The media reports new versions of the old stories: White flight has created poor black neighborhoods policed by white cops. Black people don't trust the police. Black males are stereotyped as violent.

Then, the funerals.

The main sermon at Brown's service was delivered by Sharpton, who is as much a part of the ritual as police tape. He began by issuing a collective call of responsibility: "All of us are required to respond to this. And all of us must solve this."

Sharpton's solution is twofold: Change the nation's policies on policing, and repair the black community from within.

"We got to clean up our community so we can clean up the United States of America," he said to thunderous applause.

"Nobody is going to help us," Sharpton said, "if we don't help ourselves."

Can it actually happen? In Michael Brown's case, can the ritual be remembered for more than riots?

"Most definitely," said Ferguson resident Jeremy Rone as he completed a protest march on Saturday.

He said Brown's death should increase voter registration, which would "put the right people in the right places" to change the way police deal with the black community. Soon after the unrest started, a voter registration booth went up on the corner of the hardest-hit street.

Phillip Atiba Goff, a UCLA psychology professor and president of the Center for Policing Equity, does believe Ferguson has brought us into a different moment, "but with a small window."

"While I think there will be a push for stronger accountability and data collection that comes from this, I worry that we will repeat the amnesia that followed Los Angeles, Newark, Watts, and so many other urban centers for the past 50-plus years," Goff said in an email.

"Whatever the immediate good that may come in the wake of the events of Ferguson," he said, "we fail to honor the legacy of Mr.
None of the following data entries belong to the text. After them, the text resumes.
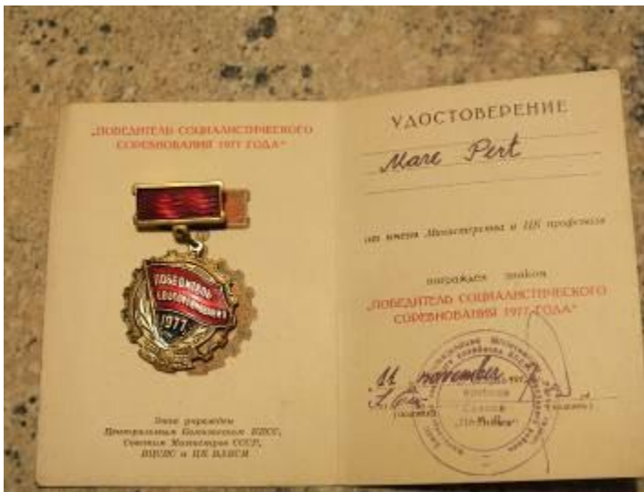
Sotsialistliku võistluse võitja 1977. a.
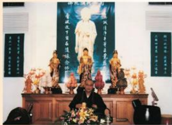
法雨遍灑，法輪常轉-此乃吾師之志也。
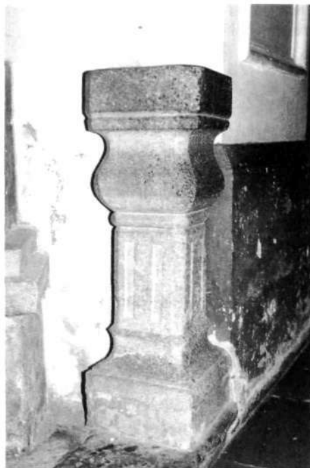
Nabiralnik za darove iz živo pisanega kamnitničana na levi strani ladje
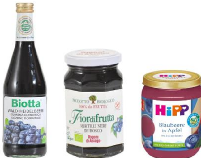
Slika 9. Sok, voćni namaz i dječja kašica od ekološke borovnice, izvor:

Tijekom pasterizacije finalnih proizvoda, kao što su sokovi, voćni namazi i kašice (Slika 9.), kako bi se inaktivirali mikroorganizmi i osigurala zdravstvena ispravnost hrane dolazi do manjeg gubitka bioaktivnih spojeva borovnice, no često dolazi do promjene okusa samog proizvoda. Čuvanje proizvoda od borovnice utječe na gubitak bioaktivnih spojeva te ih je najbolje čuvati u hladnjaku na niskim temperaturama. [21,30].
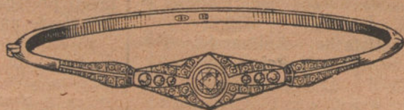
Núm. 7: Pulsera 7 brillantes y diamantes. Pesetas 550
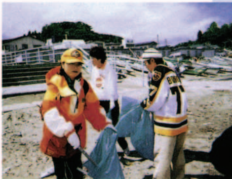
「クリーン&グリーン」活動 従業員がボランティアでショッピングセンター周辺を定期的に清掃しています
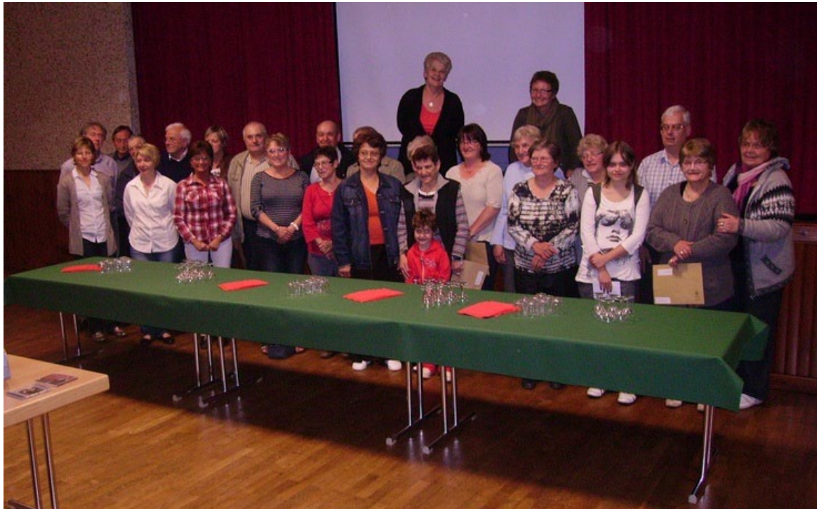
Les lauréats du concours

Pour ce 21 ème concours, le total des bons d'achat s'élève à 1 288 €, et un panier garni a été remis aux personnes qui ont arrosé les fleurs mises en place par la commune.
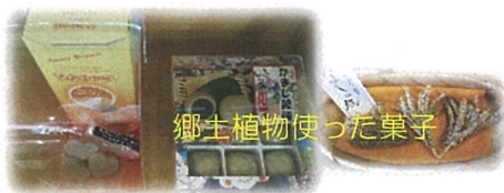
郷土植物を使った菓子

当企画展では、奥能登地方や白山麓などの特用林産物を使った特産品とその加工の工程、さらには新たな商品の開発を巡る地域活性化の取り組みなどについて広く紹介します。
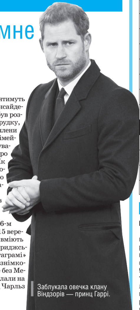
Заблукала овечка клану Віндзорів — принц Гаррі.

Сімейний клан Віндзорів вирішив тонко «віддячити» своєму «заблудлому» родичу і привітав Гаррі з його 36-м днем народження, яке було 15 вересня, тонким тролінгом, як це вміють британці. Так, герцоги Кембриджські поздоровили брата в «Інстаграмі» і виклали фото, на якому зазнамкована пара разом із Гаррі, але без Меган Маркл. Подібні фото виклали на своїх сторінках також принц Чарльз і королева Єлизавета. ■

Brown if our collective attention to these issues and collective memory lasts no longer than the month or two after peace returns to the streets of his hometown."

Hazar Khidir, a Harvard medical student who traveled to Ferguson with friends to support local community activists, suggested strict policies to regulate police conduct. The current protests, she said, "represent an opportunity to highlight a problem and bring about institutional change that saves other young black men from dying."

There are a few glimmers of institutional change.

Those concerned that Brown's death might not be fairly investigated took note of the high-profile appearance of Eric Holder, America's first black attorney general, in Ferguson to meet with locals and discuss the federal probe he ordered. At least three police officers in the Ferguson area have been suspended for behavior that came to light due to newly heightened scrutiny of police. The White House is reviewing policies that have supplied police departments with military hardware, an issue that received much scrutiny in Ferguson.

"I trust that what's happening in the street-level conflicts and clashes in Ferguson are the birthing pains of a new American social order," Sam Fulwood III wrote for the Center for American Progress.

"I truly believe," he wrote, "something revolutionary is occurring there that signals a pivot point for American society."

America likes to measure progress, to count it. When it comes to the killing of unarmed black males, progress will be found in the uncounted:

The young man who doesn't run from police.

The officer who doesn't pull the trigger.

The ritual that doesn't get repeated.